# Name favorite band



## mims230 (Jan 20, 2009)

my favorites are
killswitch engage
haste the day


----------



## Drftroadster (Jan 7, 2009)

i dont really have a favorite and i like most music but the two i listen to most are
Ferry Corsten
Trivium


----------



## ForPits&Giggles (Oct 21, 2008)

You can have favorites in music????!!!!???? Too much out there to name a favorite, and if I tried to name a few the list would go for days. Lol.


----------



## ~StangChick~ (Jan 1, 2009)

Thats easy...Godsmack baby!!!


----------



## Jr. (Nov 3, 2008)

Drftroadster said:


> i dont really have a favorite and i like most music but the two i listen to most are
> Ferry Corsten
> Trivium


Ferry!!! sikkkk!! You have good taste my friend! :clap:


----------



## Jr. (Nov 3, 2008)

Linkin Park
Angels & Airwaves
Wutang 
Pearl Jam
Incubus
311
Depeche Mode
Fuel
30 Seconds to Mars
Candlebox
Weezer
just to name a few...

and a buttload of Trance Producers.


----------



## danleys gracie (Jun 25, 2008)

Drftroadster said:


> i dont really have a favorite and i like most music but the two i listen to most are
> Ferry Corsten
> Trivium


Ferry Corsten is coming here to atlanta in three weeks. Been to a couple of his show. very nice dj. Although im a bigger fan of Armin Van Buuren and Paul Van dyk


----------



## Drftroadster (Jan 7, 2009)

A friend of mine did a remix of his song, Fire(Flashover remix) or (goatus flashover remix)


----------



## MY MIKADO (Apr 7, 2006)

I have no idea who any of these people are that you all posted. I like 
The Greatful Dead
The Barenaked Ladies
The Carter Family
I realy old time music not so much into what they call music these days.


----------



## Indigo Bully Connection (Dec 21, 2006)

I'm a trane fan...

My absolute favorite band in the world is..... ready for it!?!!?!?

DAYS OF THE NEW!


----------



## Elvisfink (Oct 13, 2008)

I basically only listen to Punk, Post Punk and Blues. Here are a few of my favorites.

Punk:
The Business
The Cramps
Social Distortion
Agent Orange
Ramones

Post Punk:
Joy Division
Bauhaus
Siouxsie & The Banshee's
Sisters of Mercy
Echo & the Bunnymen

Blues:
Lightnin Hopkins
Chris Whitley
John Lee Hooker
Robert Johnson
Robert Lucus


----------



## wheezie (Aug 4, 2006)

~StangChick~ said:


> Thats easy...Godsmack baby!!!


ive sen them live 4 times.

one of my favorite newer bands is shine down, they put ona hell of a show.

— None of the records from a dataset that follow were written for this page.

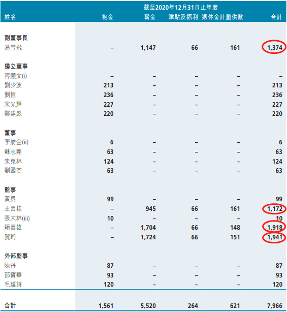 2020年,广州农商银行董事及监事的薪酬合计796.6万元。其中,有4位董事或监事年薪过百万,副董事长易雪飞年薪137.4万元,监事王喜桂年薪117.2万元,监事赖嘉雄年薪191.8万元,监事贺珩年薪194.1万元。
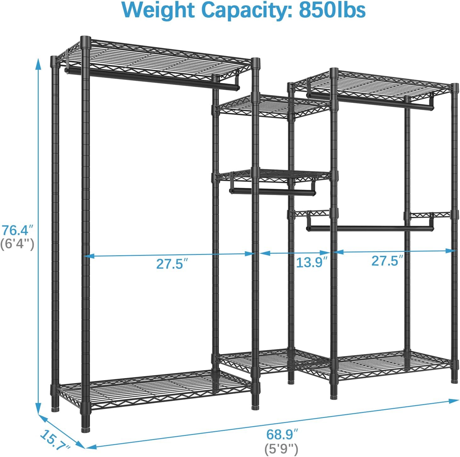 - 850 lb Weight Capacity -- The heavy duty clothing rack supports your storage needs effortlessly without bending or sagging. Ideal as a closet wardrobe, closet storage system, or free standing closet system for bedrooms and walk-in closets
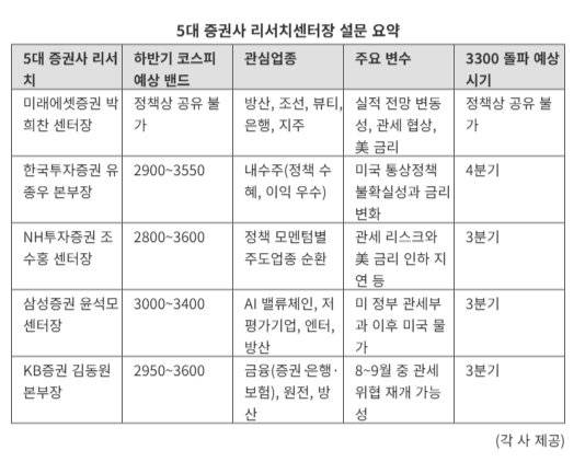 [파이낸셜뉴스] 국내 5대 증권사는 올해 3·4분기에 코스피지수가 3300을 돌파한 후 상승 동력을 이어갈 것이란 전망을 내놨다. 올 하반기 코스피 예상 상단 밴드는 3600선이다. 다만 미중 간 관세 협상과 미국 연방준비제도(Fed·연준)의 금리 정책 등이 주요 변수로 꼽혔다.
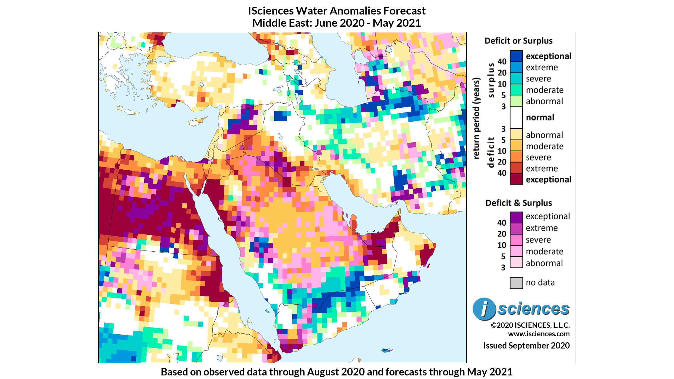 The forecast for the 12-month period ending May 2021 indicates water deficits from southern Syria through Jordan and much of Iraq west of the Euphrates River, and well into Saudi Arabia, Oman, and the United Arab Emirates. Deficits will be exceptional in Saudi Arabia along the northern Red Sea and in the United Arab Emirates. Areas of both deficit and surplus are also forecast (pink/purple) as transitions occur in western Iraq and pockets of Saudi Arabia.
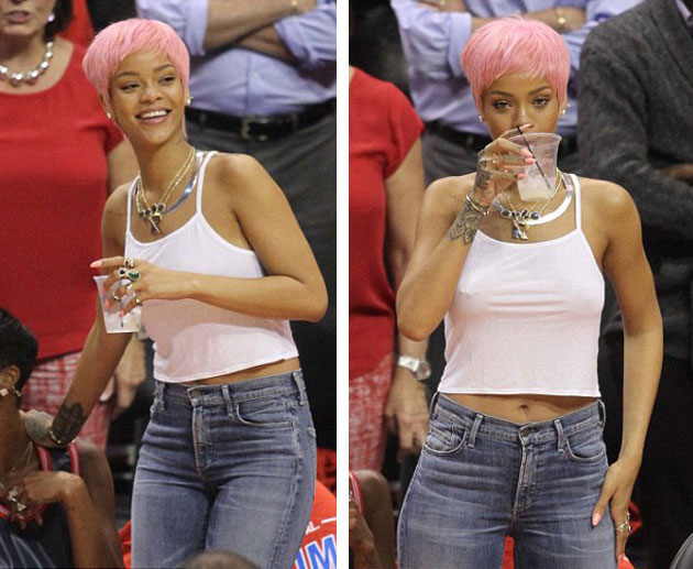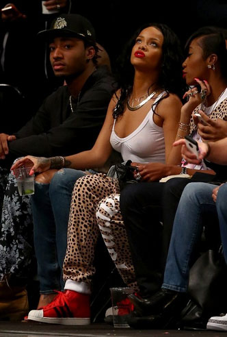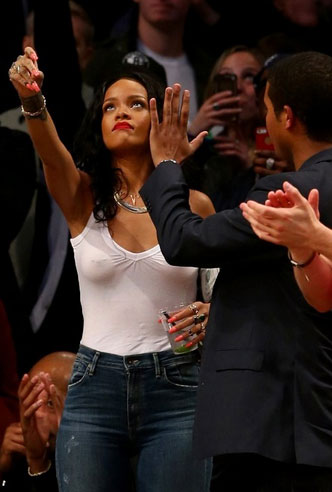 Rihanna... BASKET MAÇLARINDA SÜTYENSİZ, YA FUTBOL MAÇLARINDA?
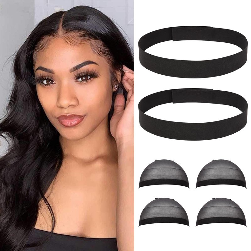 Elastic Bands for Wig 2pcs 3.5cm Edges Bands Lace Melting Band Wig Band for Edges with 4PCS Wig Caps, 60cm Flexible Grip Headband Laying Band Adjustable Ends for Baby Hair Closure
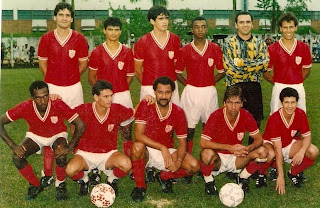 Campeão Municipal 1995, em pé: Dário, Edinho, Geraldinho, Fernando, Juarez e Kilin. Agachados: Garça, Candinho, Zé Luiz, Adil e Rossi.
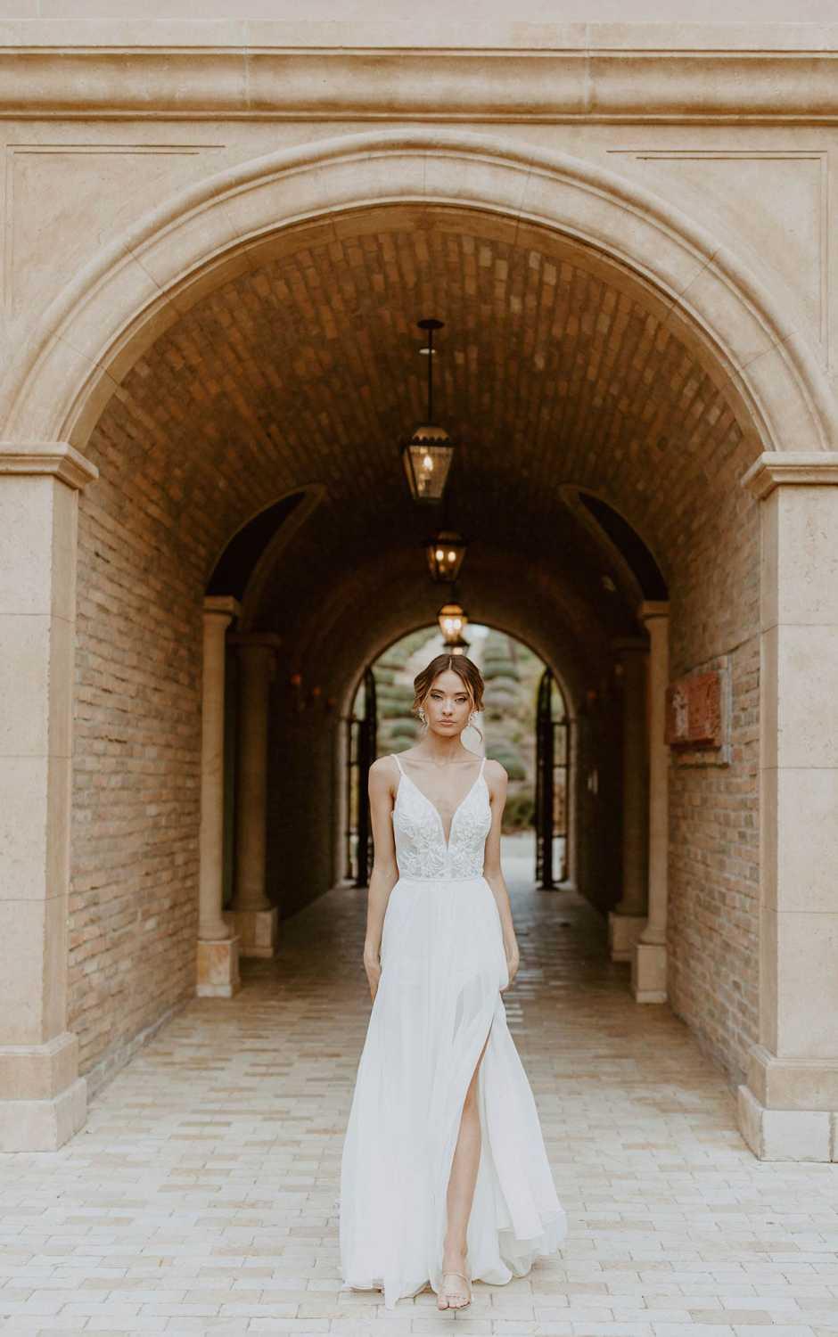 Essense of Australia #D3508 - Romantic A-Line Chiffon Wedding Gown with Detachable Beaded Belt

i saw black stone cherry a little while back and they put on a GREAT show.

my favorite band of all time is a tie between Rage against the machine and Earth wind and fire


----------



## lil bit pit karma (May 10, 2008)

I have to go back to the 80's...... Bon Jovi and Poison


----------



## dan'sgrizz (Oct 22, 2008)

JOURNEY!!!!!


----------



## wheezie (Aug 4, 2006)

frigin steve perry lol


----------



## lil bit pit karma (May 10, 2008)

Boston anyone?


----------



## redog (Oct 14, 2005)

wheezie said:


> frigin steve perry lol


he turned 60 today! can you believe it?


----------



## Cain714 (Nov 9, 2008)

Pink Floyd
Gun's and Rose's


----------



## wheezie (Aug 4, 2006)

boston was sweet


----------



## Sadie (Jun 18, 2008)

Too Manny to List but here are a few 

Evanescence 

Bjork 

Enya 

Linkin Park 

Art of Noise 

Enigma

And so Many more LOL


----------



## Bleu Clair (Jun 14, 2008)

Let's see:
Evanescense
Stone Sour
Metallica
Linkin Park
Breaking Benjamin
30 Seconds to Mars
Staind
Smashing Pumpkins
Fuel
Godsmack
3 Doors Down


----------



## rawlins98 (Dec 30, 2008)

I like almost everything but (Chris cornell ,Billie holiday, Jack johnson) Could go on on but those are my top 3


----------



## wheezie (Aug 4, 2006)

i liek jack johnson to, have you ever listined to ben harper?


----------



## rawlins98 (Dec 30, 2008)

wheezie said:


> i liek jack johnson to, have you ever listined to ben harper?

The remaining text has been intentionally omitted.